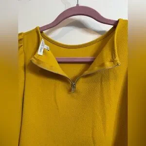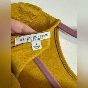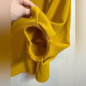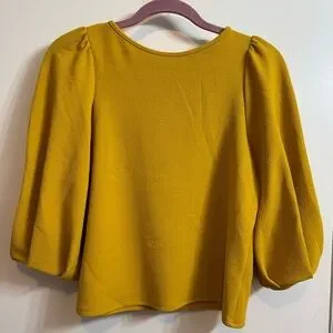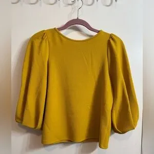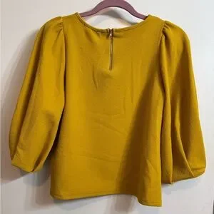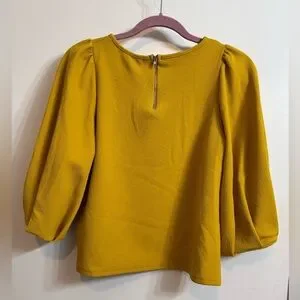 Green Envelope Los Angeles balloon sleeve top size small. Back zipper neck works smoothly. Mustard color. Puff sleeves are not elasticized. No damage, no stains. Stretchy polyester spandex blend. Measurements: pit to pit 18” across and will stretch to 21”, length 21.5” Tags: bubble casual dressy work office quirky fun comfort boss babe accessories shirt blouse Autumn fall foliage photos instagram apple picking pumpkin rustic
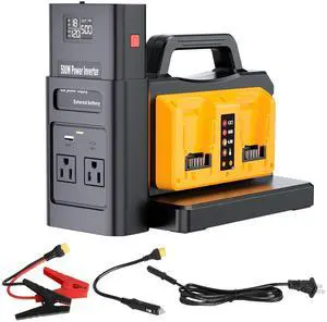 Pure Sine Wave Inverter Compatible with Dewalt 20V Battery, 2 in 1 500W 4 Ports Power Inverter Battery Charger Generator DC 20V to AC* 2 Outlets, 120V Car Charger Plug, USB&Type-C (Tool Only)
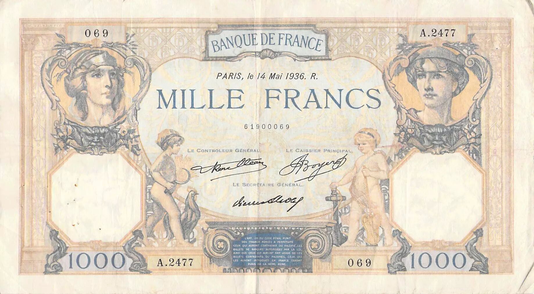 Accueil > Archivage > France 1000 Francs Cérès et Mercure - 14-05-1936 Série A.2477 - TTB
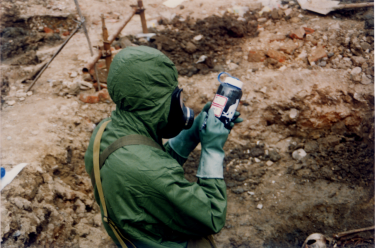 1998年8月18日至19日,在南京九华山细菌工厂遗址,挖出几十具人类头盖骨与尸骨,支离破碎并伴有浓烈的刺鼻药味。经法医学、生物学专家鉴定,认定这批尸骨是一六四四部队活人实验中受难者的遗骸。

## [WHAT TO WORK ON]
With the images omitted, return the full material exactly.

## [SOLUTION FOR THIS EXERCISE]
 Green Envelope Los Angeles balloon sleeve top size small. Back zipper neck works smoothly. Mustard color. Puff sleeves are not elasticized. No damage, no stains. Stretchy polyester spandex blend. Measurements: pit to pit 18” across and will stretch to 21”, length 21.5” Tags: bubble casual dressy work office quirky fun comfort boss babe accessories shirt blouse Autumn fall foliage photos instagram apple picking pumpkin rustic
 Pure Sine Wave Inverter Compatible with Dewalt 20V Battery, 2 in 1 500W 4 Ports Power Inverter Battery Charger Generator DC 20V to AC* 2 Outlets, 120V Car Charger Plug, USB&Type-C (Tool Only)
 Accueil > Archivage > France 1000 Francs Cérès et Mercure - 14-05-1936 Série A.2477 - TTB
 1998年8月18日至19日,在南京九华山细菌工厂遗址,挖出几十具人类头盖骨与尸骨,支离破碎并伴有浓烈的刺鼻药味。经法医学、生物学专家鉴定,认定这批尸骨是一六四四部队活人实验中受难者的遗骸。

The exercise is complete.